The Water Sports Foundation, a U.S. Coast Guard non-profit boating safety grant recipient, just released a new video featuring Paddling Business publisher Scott MacGregor. Recorded with a local retail shop background, MacGregor presents the Coast Guard’s message encouraging retailers to be vigilant about safety subjects when communicating with paddlers.
Safety is your responsibility as a paddlesports professional
In 2021, 190 people died while paddling and most of these incidents were preventable. Basic paddler education remains as the most important subject, but also life jacket usage and knowing your limits and the limits of your vessel remain as critically important elements to a safe paddling excursion.
Jim Emmons, Nonprofit Grant Director for the Water Sports Foundation said, “Too many paddlers are senselessly dying while enjoying this great past time. Retailers are trusted sources and as such, they can have a huge impact on the paddling public’s attitudes towards paddling safety.

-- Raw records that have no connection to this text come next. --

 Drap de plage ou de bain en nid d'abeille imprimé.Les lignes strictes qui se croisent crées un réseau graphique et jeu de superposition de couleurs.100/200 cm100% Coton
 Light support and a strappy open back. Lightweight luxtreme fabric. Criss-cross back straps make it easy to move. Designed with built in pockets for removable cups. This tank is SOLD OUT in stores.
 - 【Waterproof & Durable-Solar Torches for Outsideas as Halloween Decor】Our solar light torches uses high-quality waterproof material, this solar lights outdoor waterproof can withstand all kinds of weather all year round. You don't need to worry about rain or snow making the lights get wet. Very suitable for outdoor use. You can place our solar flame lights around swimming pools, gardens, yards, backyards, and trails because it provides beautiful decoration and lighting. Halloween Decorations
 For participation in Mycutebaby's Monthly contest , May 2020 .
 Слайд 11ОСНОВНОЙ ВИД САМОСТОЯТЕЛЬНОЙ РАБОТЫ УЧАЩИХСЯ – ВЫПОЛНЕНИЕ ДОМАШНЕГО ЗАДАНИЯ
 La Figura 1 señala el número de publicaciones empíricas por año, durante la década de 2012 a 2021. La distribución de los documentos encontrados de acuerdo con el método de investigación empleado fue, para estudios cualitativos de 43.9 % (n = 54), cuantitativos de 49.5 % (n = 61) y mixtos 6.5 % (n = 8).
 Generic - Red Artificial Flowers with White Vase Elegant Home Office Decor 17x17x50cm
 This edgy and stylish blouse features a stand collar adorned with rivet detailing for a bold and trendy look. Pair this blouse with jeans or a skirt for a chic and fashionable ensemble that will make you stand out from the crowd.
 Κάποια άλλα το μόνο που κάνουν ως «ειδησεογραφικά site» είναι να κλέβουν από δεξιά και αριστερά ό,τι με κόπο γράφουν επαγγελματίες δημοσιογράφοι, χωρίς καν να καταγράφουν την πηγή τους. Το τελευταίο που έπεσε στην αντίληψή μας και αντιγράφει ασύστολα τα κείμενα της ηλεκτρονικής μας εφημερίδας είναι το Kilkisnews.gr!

Our goal is to educate retailers—selling kayaks and canoes—to become more vigilant about sharing basic safety recommendations with their customers. We are encouraging all retailers to include a safety discussion during every consumer engagement.”

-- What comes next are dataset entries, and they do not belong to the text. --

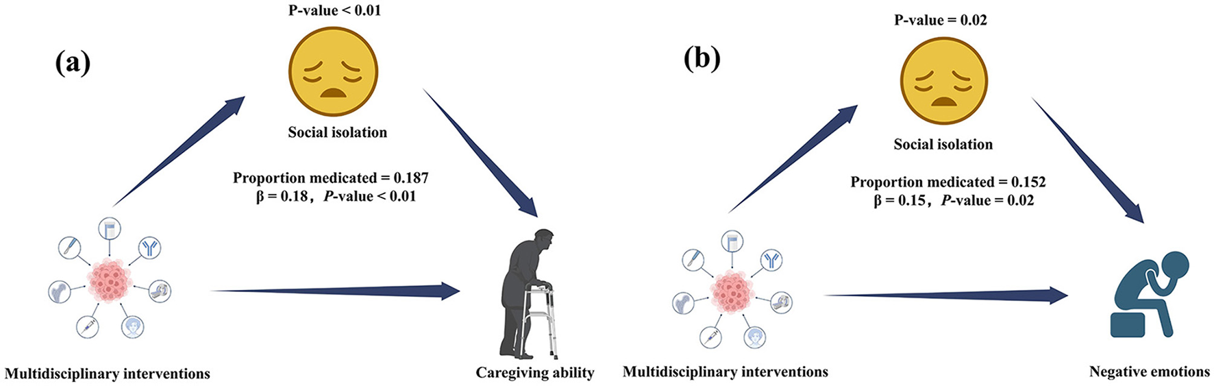 Multidisciplinary accompaniment interventions significantly improved caregiving ability (OR = 2.33, 95% CI: 1.12–3.54), reduced negative emotions (OR = 2.58, 95% CI: 1.13–4.03) and social isolation score (OR = 1.69, 95% CI: 1.09–2.29), with social isolation accounting for 18.7% of the effect on caregiving ability and 15.2% on negative emotions. In addition, significant predictors also included place of residence, marital status, and alcohol consumption.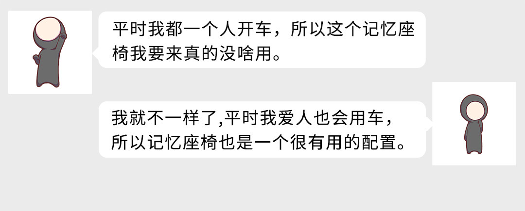 其实教授认为记忆座椅还是个相当实用的配置,教授家里一家三口都会开车,但是苦于家中只有一架老森林人,所以经常用车以后都得重新调整一次座位,十分不方便。但有了记忆座椅就不会有这样的烦恼,即使是一个人开车也可以设置几个不同的驾驶坐姿方便在旅途疲倦时调整坐姿。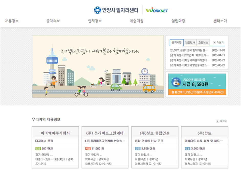 안양시는 만안구와 동안구에서 별도의 일자리센터를 운영하고 있으며, 시청 홈페이지를 통해 WORKNET이라는 이름의 안양시 일자리센터 사이트도 접속이 가능합니다. 일자리센터 사이트에서는 다양한 채용정보를 확인할 수 있으므로, 안양지역에서 일자리를 찾고 있는 분이라면 유용하게 활용할 수 있습니다. 시에서 운영하는 다양한 취업지원 프로그램 신청도 이 곳에서 할 수 있다는 점도 참고하시길 바랍니다.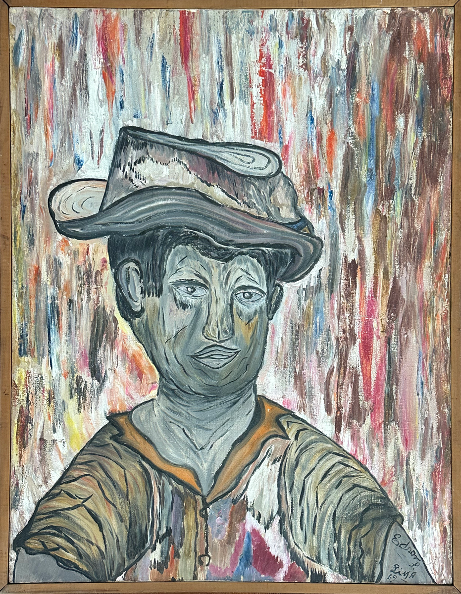 EDSON LIMA, Prof. Mário Schemberg de chapeú - óleo sobre tela - 65x50 cm - - Ass. Inf. Dir.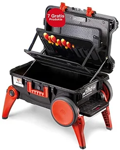 Walizka narzędziowa wyposażona | częściowo wyposażona - w wytrzymałej, pyłoszczelnej i wodoodpornej (IP67) walizce ochronnej z zaworem wyrównującym ciśnienie - możliwość sztaplowania, przetaczania - ze zintegrowanym podwoziem - zintegrowane amortyzatory gazowe utrzymują pokrywę w żądanej pozycji nawet po wyposażeniu - rozkładane nóżki do podniesionej pozycji zdejmowania i stabilny, antypoślizgowy stopień do pracy na wysokości - duże kółka do wygodnego przetaczania po schodach i nierównym terenie - wycięcie w kształcie litery V w pokrywie jako pomoc przy piłowaniu Dalsze informacje techniczne:

Engaging retailers in paddlesports safety
The Water Sports Foundation, a non-profit grant recipient since 2011, has been creating and delivering consumer paddle safety messages for five years. The most recent U.S. Coast Guard grant awards include funding for a project called Retailer Targeted Paddling Safety Awareness.
This project intends to make retailers more aware of basic safety such as taking a paddler education course, increasing life jacket wear, understanding the dangers of cold water immersion, knowing your limits, being aware of changing weather conditions, filing a float plan, and avoiding impairment while paddling.
If anyone has done a study of where the 173 people who died in 2018 purchased their boats, I’m pretty sure that big box retailers would figure highly in the list. Chances are that in a big box environment the only interaction between the store and the purchaser was the cashier and the guy who assisted then to the car with it. Manufacturers should be more choosy about who the allow to sell their boats as sooner or later, this will end up blowing back on them.
The Illinois Paddling council has long urged big retailers to inform buyers about the wearing of PFDs and has urged retailers to include a printout to that effect.